I looked at barbabatch but seemed pricey
I'm using sound grinder which is much cheaper - and has some pretty useful functions I think -
And is a try before you buy scenario - which in this age of software is good.
I mean we've all bought stuff and found it doesn't really work as advertised...

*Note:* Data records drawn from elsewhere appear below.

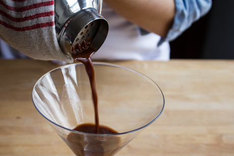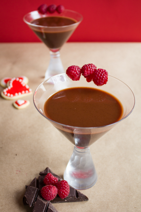 Strain into martini glasses and garnish with raspberries, if desired. Serve immediately.
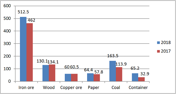 Major imports in Jan-Nov 2018 through the railway port compared to the same period in 2017 (10,000 tons/unit)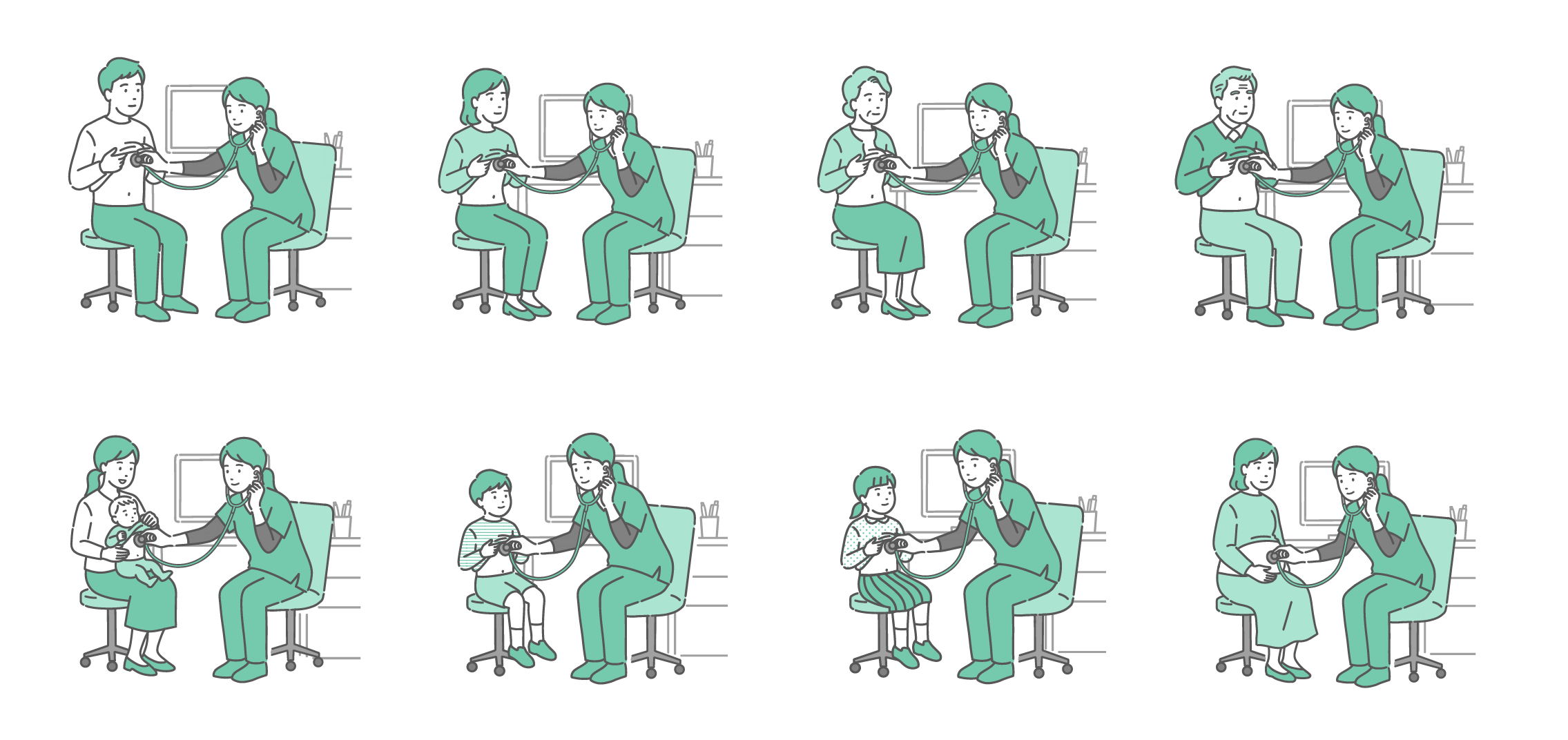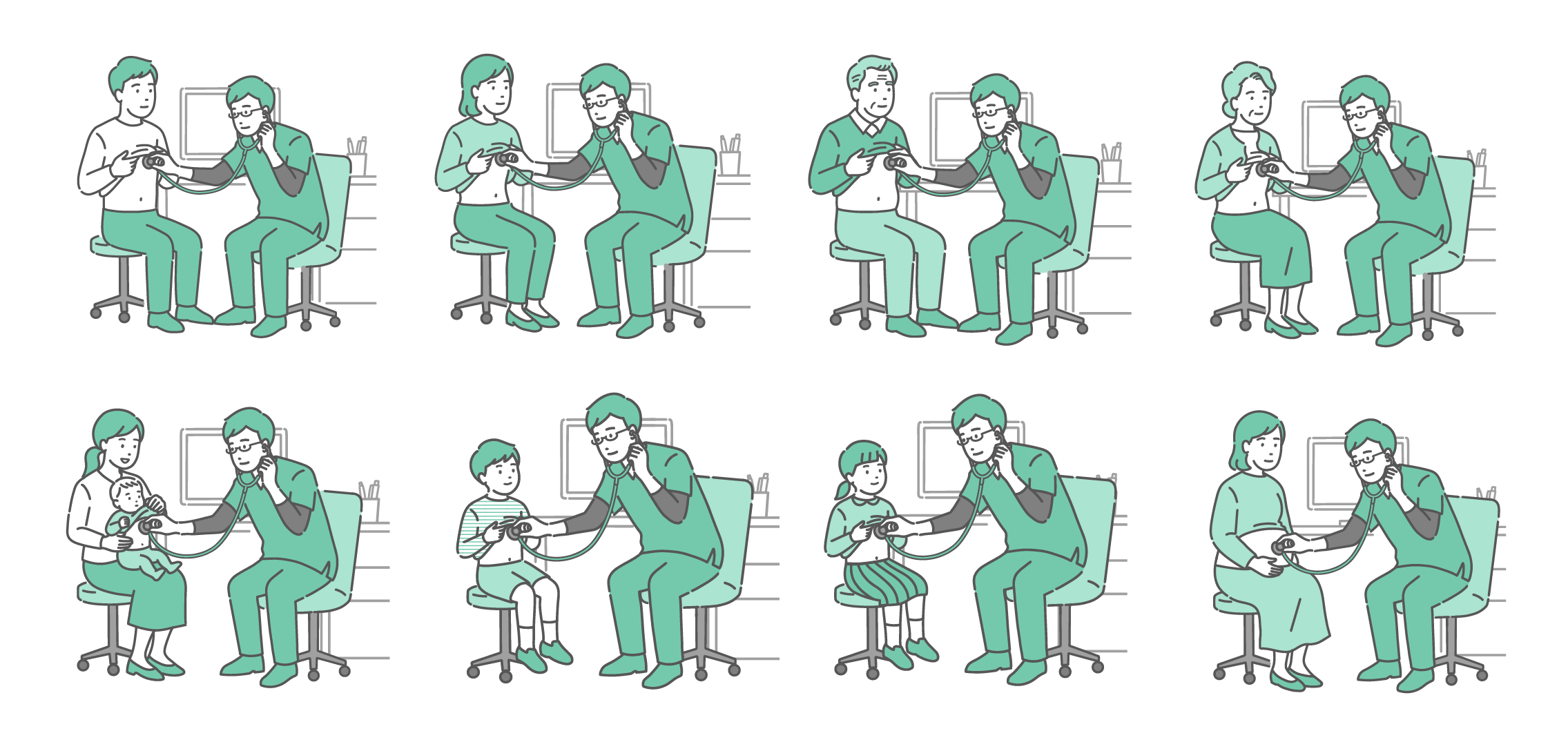 検査・測定 スクラブを着た男性医師の聴診イラスト全種セット(老若男女・妊婦・小児)
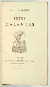 VERLAINE (Paul). Fêtes galantes. Paris, Lemerre, 1869.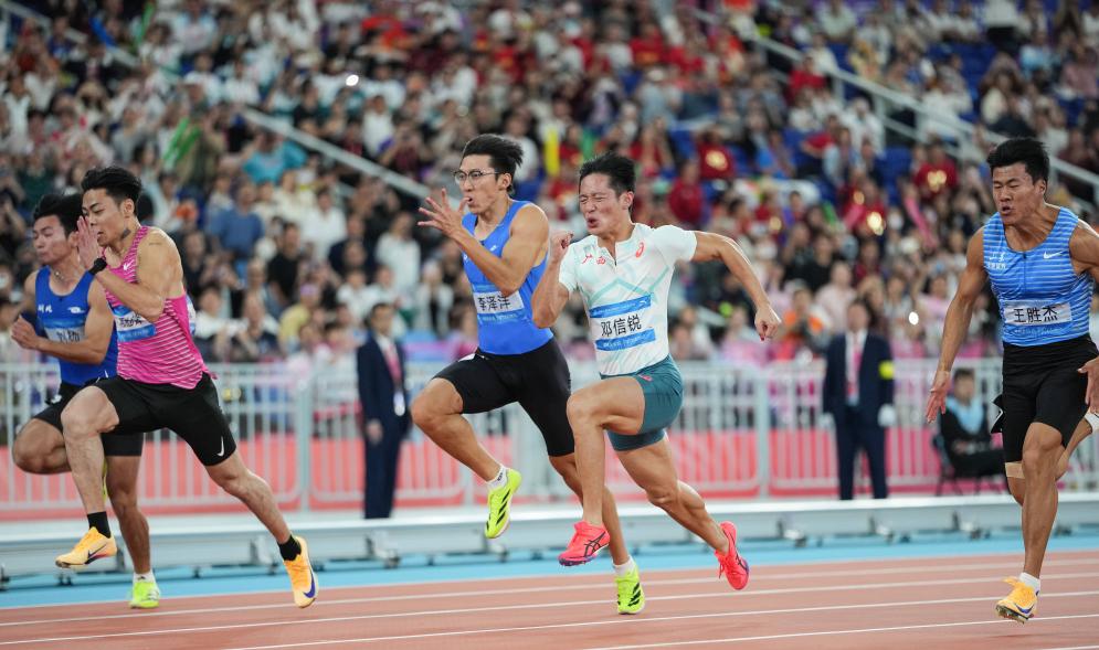 2025年邓信锐再次迎来爆发,先后刷新60米、100米的个人最好成绩。当年8月的全国田径锦标赛男子100米决赛中,他更以10秒06收获100米冠军。这一成绩不仅让他成为史上第七位突破10秒10的中国队运动员,也成为继苏炳添、谢震业和张培萌之后,并列第四快的中国百米“飞人”。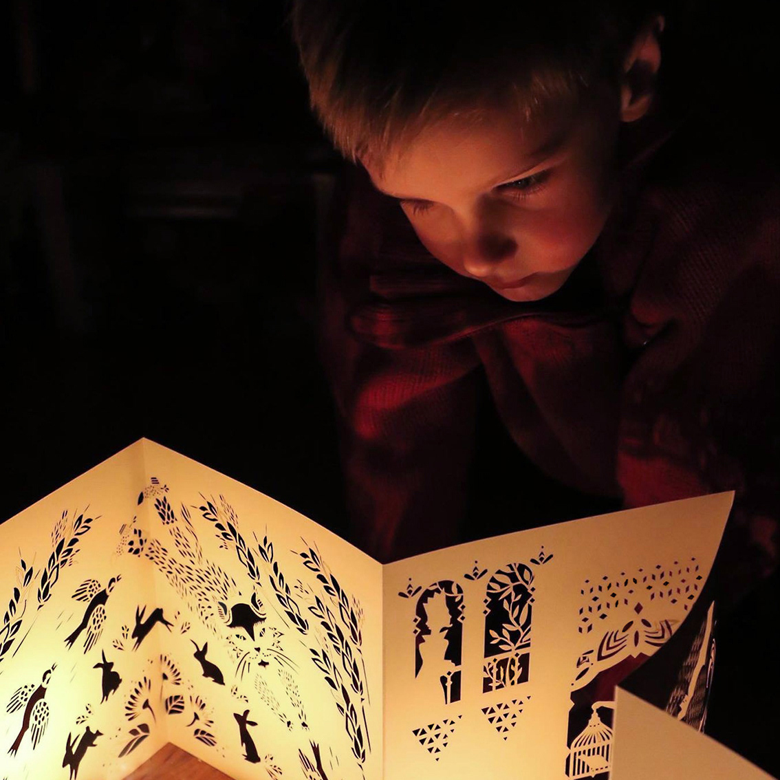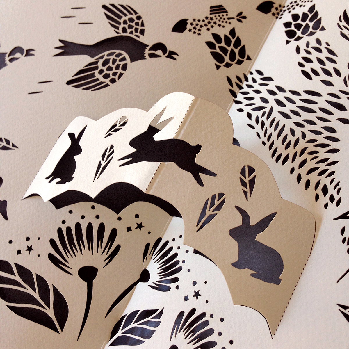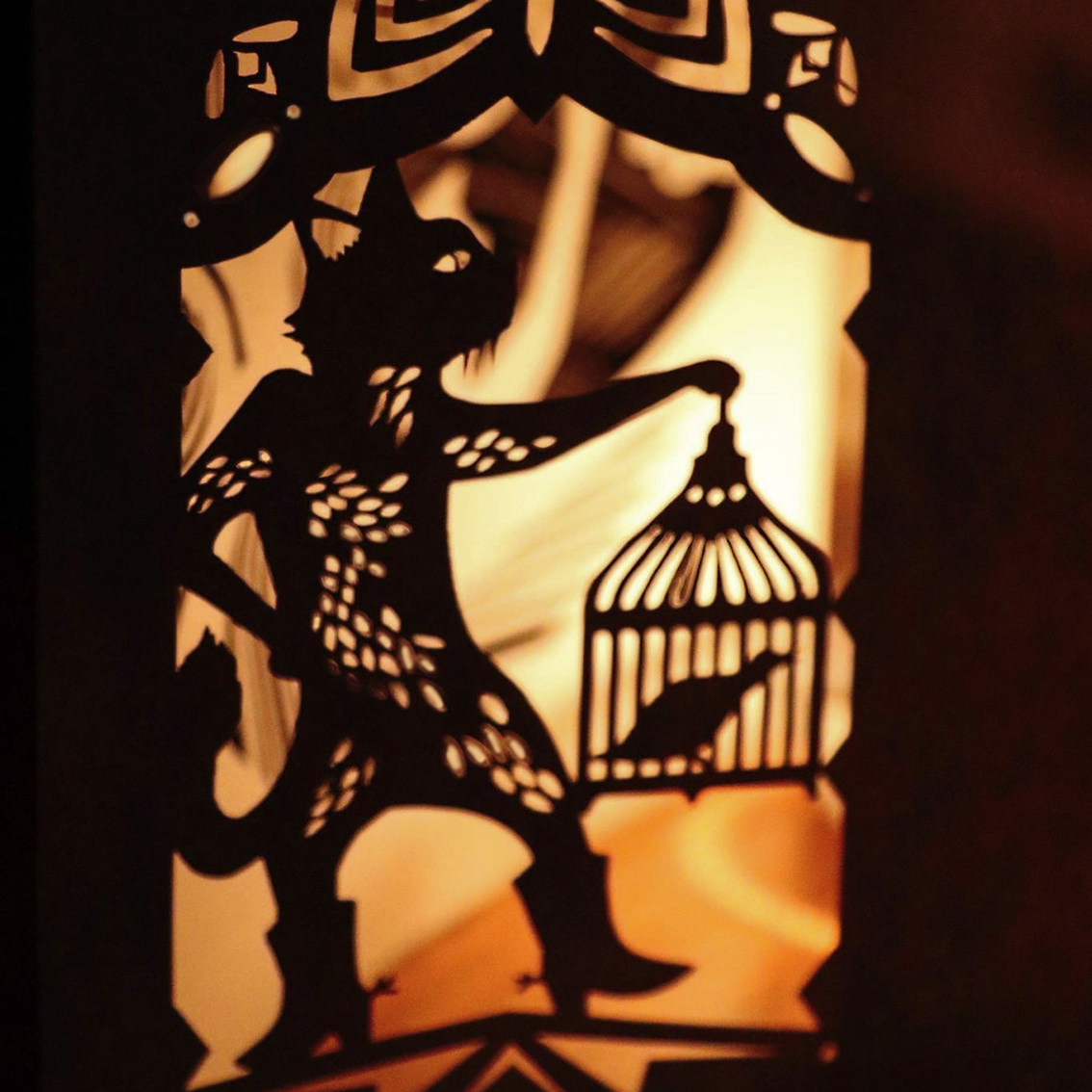 Livre-objet, illustrations en découpe sur papier d’art. Mise en image du conte Le Chat Botté de Charles Perrault. Différentes couleurs et textures de papiers Fedrigoni en fonction des tirages. — Leporello, façonné à la main, se déployant sur deux mètres. Couverture cartonnée et toilée avec une jaquette découpée. Format 21 x 21 cm. Fabriqué par Papiers Coupés à Nîmes. Parution novembre 2017. — « Coup de cœur » de La Revue des livres pour enfants, dossier Gilles Bachelet - Juin 2018, n° 301 publié par le Centre national de la littérature pour la jeunesse (BnF).

There's also audiofinder which does conversions too
wow you dug this thread up pretty deep!
martin
No I need Pure Voice's qcp conversion and it's not really common. As for the price, I need the best conversion solution available (given the limited capacity of a cell phone) and I need batch processing. I don't care about price because my company is going to pay for it.

1 vote for Barbabatch
Posted: Sun Apr 08, 2007 8:37 am
by ozheri
i love barbatch, its fast and about as difficult to use as Stuffit!!
i can open it quickly and change a wav 16 bit stereo to a aiff 24 bit mono in less than five seconds!
btw yes it is a standalone
Posted: Sun Apr 08, 2007 9:34 am
by Buckage
I've been using it for a couple of months in OS 10.4.8 and have had no performance issues with it. The only thing that bugs me is that you can't seem to export embedded tempo information. Does someone here know how to?
Everything I've converted sounds great to my ears.
Posted: Mon Apr 09, 2007 9:54 am
by monkey man
`
I'm sure that if I met her, I'd love BarbyBitch too.
I'm off to give myself a well-deserved ass kicking.
OUCH!
There ya go, Jimbo, the job's done; no need for corporate polishment.